Back To Basics, article by Joe Clark, CFP

The excitement begins when the NYSE bell rings at 9:30 EST. Wall Street begins trading stocks or equity, representing ownership in thousands of companies.  Willing buyers and sellers meet at an agreed-upon price and ownership transfers.  By 4:00 EST, over two billion shares on average will trade hands.

The interesting part is the price exchanged per share.  Where does the valuation come from, and what is the most accurate reflection of what a company is worth?  The price for one share of a company stock daily is determined by what someone else is willing to pay.  Period.

What about different investment strategies, money managers’ styles, and studying the financials, and what about the fundamentals? Don’t any of these considerations count?  Sure they do, but it is all perspective.  The fundamentals apply to the share price only to the extent they influence a particular buyer or seller of the stock.

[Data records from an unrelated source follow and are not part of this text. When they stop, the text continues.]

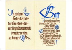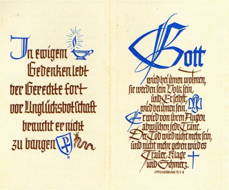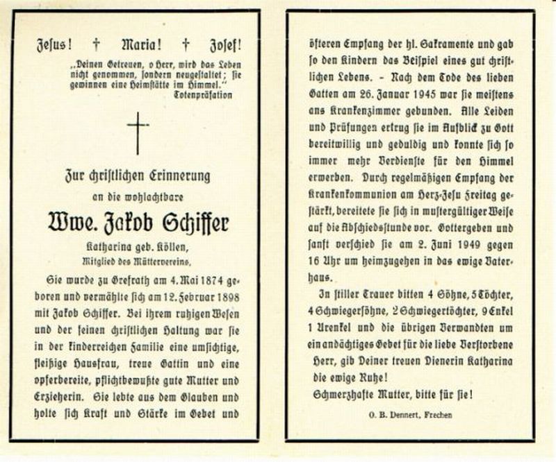 ∞ 12.02.1898 Jakob Schiffer 26.01.1945 †; Mitglied des Müttervereins; in Trauer 4 Söhne u. 5 Töchter; Druck: O.B.Dennert, Frechen; |
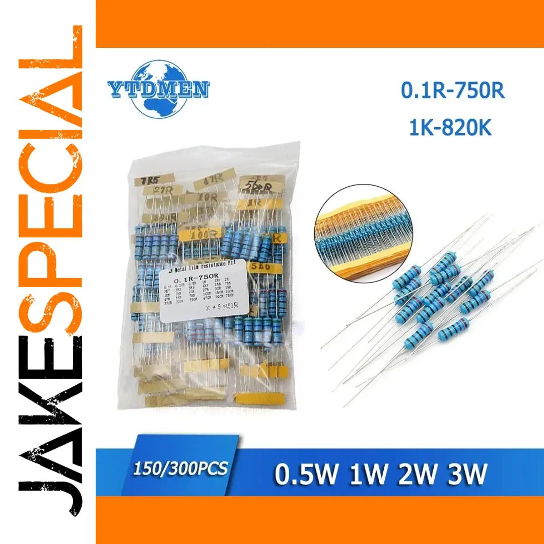 Enhance your electronic projects with this comprehensive set of metal film resistors from YTDMEN. Designed for accuracy and durability, these resistors feature a sleek, cylindrical form with a vibrant blue body and color-coded bands in white, yellow, and red, making identification straightforward. Available in multiple power ratings—0.5W, 1W, 2W, and 3W—and resistance values ranging from as low as 0.1 ohms up to 750 ohms and from 1K to 820K ohms, this collection is versatile enough for various applications. The resistors have a precise 1% tolerance, operate efficiently at temperatures up to 100°C, and are suitable for through-hole mounting. Organized neatly in groups, they make component management easy and ensure high-quality, reliable performance in your electronic endeavors.
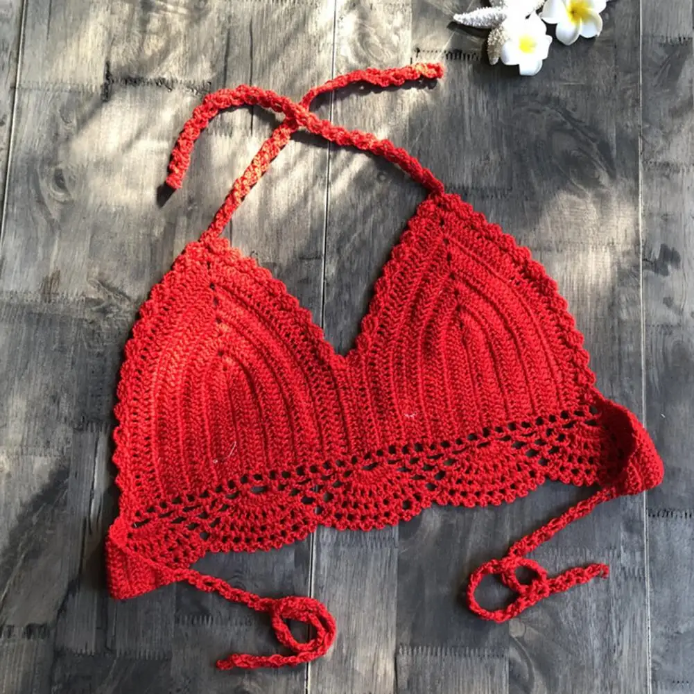 Sexy Halter Women Crochet Bikini Crop Tops Boho Beach Camisoles Tank Top Knitted Backless Swimwear Women's Swimsuit Knitted Cami

Economists tend to discuss the fair value of the entire company’s value-based estimated earnings and the current economic cycle.  Investors use that value and divide it by the number of shares outstanding to determine what a fair price for the stock should be.  Today, the analysts will do the math for you and provide their thoughts per share.

The exciting part is that the best in the business don’t agree on fair value.  You’re thinking (or You may be thinking), “Come on, Joe, you are dealing with semantics and a few pennies per share. What’s the big deal?” The big deal is that sometimes fair value is in the beholder’s eye, even when it comes to the big boys.

An experiment reported on November 19, 2007, had Standard and Poor’s and Morningstar face off for determining fair value. Both firms assigned their reasonable price-point for the 30 stocks in the Dow Jones Industrial Average.  Morningstar provided a significantly higher value to three companies, while S&P assigned a significantly higher value to 3 others.  The two firms disagreed on 12 of the 30 stocks in deciding whether the current stock price was higher or lower than fair value.  Only 8 of the 30 stocks found a price where the fair value was determined to be within 10% of what the two firms agreed upon independently.

The same arguments are being made for companies like Tesla today. This morning, two analysts had price targets for the stock substantially different than the current price. Both are paid to study the company and could not be further from agreement. Tesla is now the fifth-largest company by market capitalization. These are significant issues.

You can study the company’s fundamentals business model, management team, demographics, and the rest of the financial data, concluding at what price you are willing to invest or sell. Keep in mind, the person on the other side of the trade has access to the same information! The share price paid is often determined by the emotional aspects of an overall market, with the final justification for the action being rationalized with logic afterward.